--- ABOUT THIS EXERCISE ---
Only the lines from the start of the data through the line with "Cigarkasse af sølvplet" belong in the copy. Restate them word for word, minus the pictures.

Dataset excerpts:

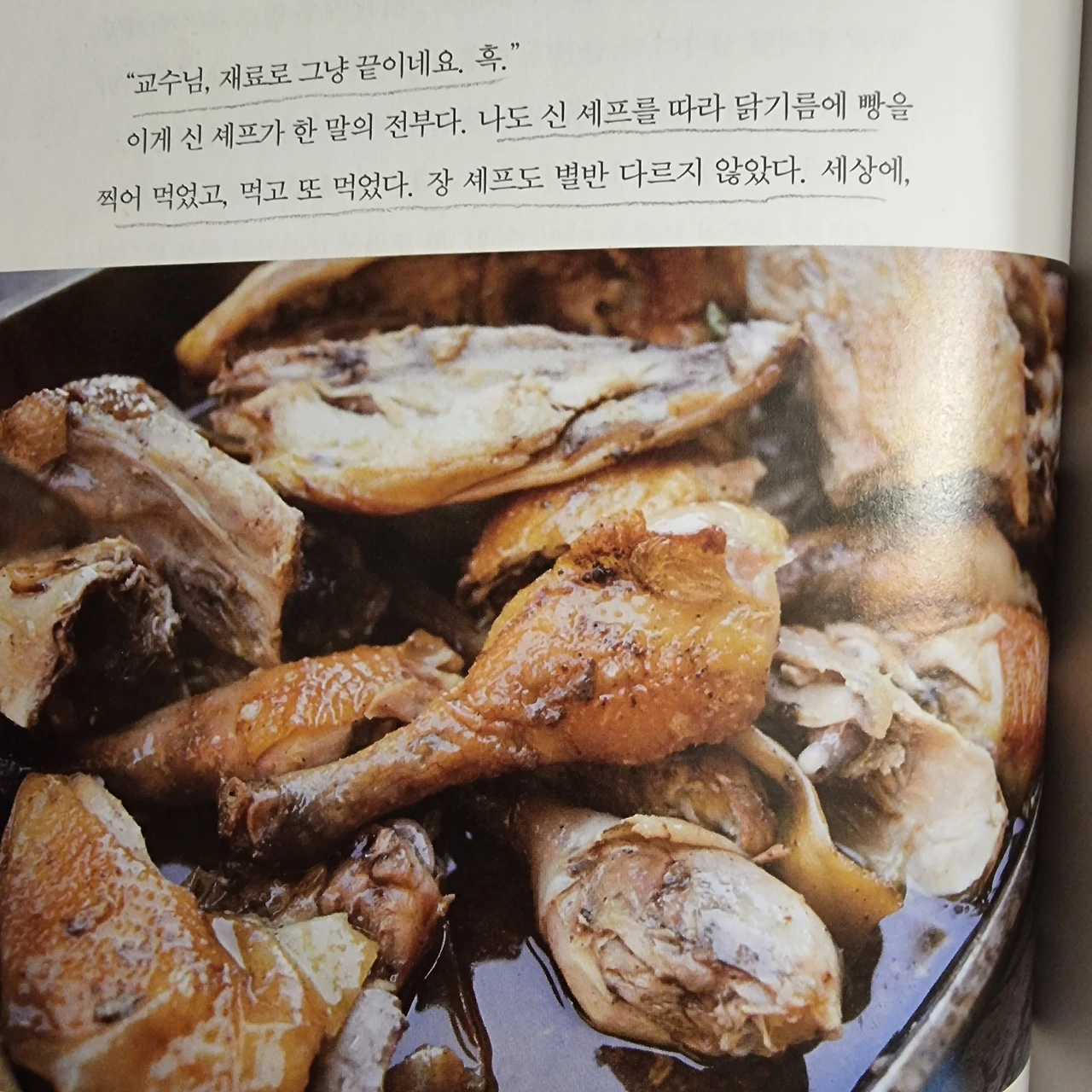 " 나도 신 셰프를 따라 닭기름에 빵을 찍어 먹었고, 먹고 또 먹었다. 장 셰프도 별반 다르지 않았다. 세상에, 한국인 세 명이 닭 요리를 먹는데 닭다리도 가슴살도 아닌, 닭기름이 제일 먼저 사라지는 기이한 일이 생겼다."
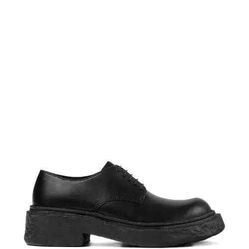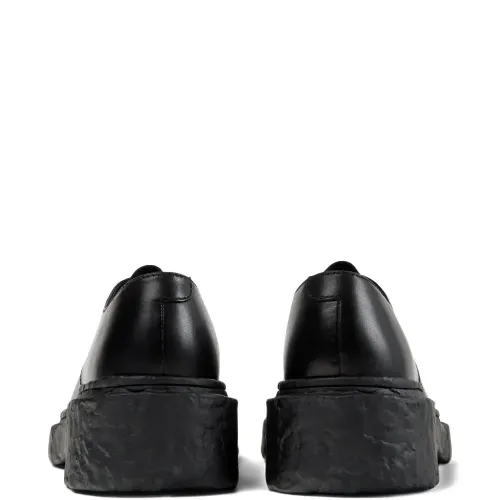 черный цвет, гладкая отделка, шнуровка, рельефная подошва, видимая прострочка, низкий каблук
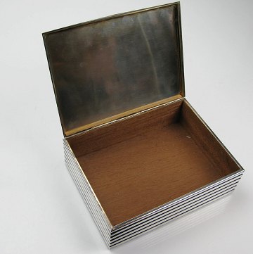 Cigarkasse af sølvplet med harlequin mønster og riflede dekorationer. Indvendig beklædt med cigarkassetræ. 19 x 14 x 5,5 cm. Stemplet H.F. 20. årh.
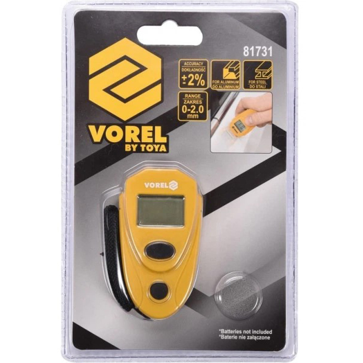 Товщиномір лакофарбового покриття VOREL 81731 призначений для вимірювання товщини лаку та фарби на металевих поверхнях. Прилад дозволяє швидко та точно визначити стан лакофарбового покриття, а також виявити деталі кузова, які піддавалися ремонту або багаторазовому фарбуванню. Завдяки діапазону вимірювання 0–2 мм та похибці ±2 %, товщиномір забезпечує достовірні результати вимірювань у побутових і професійних умовах. Результати вимірювання відображаються на РК-дисплеї, що забезпечує зручне та швидке зчитування показників. Компактні розміри та мала вага 25 г забезпечують високу мобільність та зручність використання, а пластиковий корпус робить прилад легким і простим в експлуатації. Товщиномір VOREL 81731 ідеально підходить для перевірки автомобілів, контролю якості фарбування та експрес-діагностики кузовних елементів.
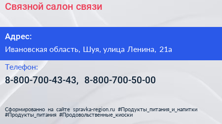 Связной, салон связи по адресу Ивановская область, Шуя, улица Ленина, 21а в дальнейшем Организация, размещена в следующих категориях:
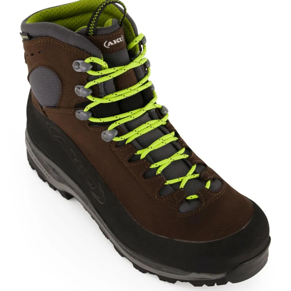 Das italienische Design der Superalp V-Light GTX vereint Stil mit Funktionalität: Der knöchelhohe Schnitt gibt Dir extra Stabilität auf unebenem Gelände, während der robuste Geröllschutzrand Deine Schuhe vor Abnutzung bewahrt. Die individuell anpassbare Schnürung sorgt dafür, dass Du auch bei langen Touren mit schwerem Gepäck immer festen Halt hast. Hergestellt in den renommierten Produktionsstätten von AKU in Italien stehen diese Bergschuhe für Qualität „Made in Europe“.

--- ANSWER TO THE PROBLEM ---
 " 나도 신 셰프를 따라 닭기름에 빵을 찍어 먹었고, 먹고 또 먹었다. 장 셰프도 별반 다르지 않았다. 세상에, 한국인 세 명이 닭 요리를 먹는데 닭다리도 가슴살도 아닌, 닭기름이 제일 먼저 사라지는 기이한 일이 생겼다."
 черный цвет, гладкая отделка, шнуровка, рельефная подошва, видимая прострочка, низкий каблук
 Cigarkasse af sølvplet med harlequin mønster og riflede dekorationer. Indvendig beklædt med cigarkassetræ. 19 x 14 x 5,5 cm. Stemplet H.F. 20. årh.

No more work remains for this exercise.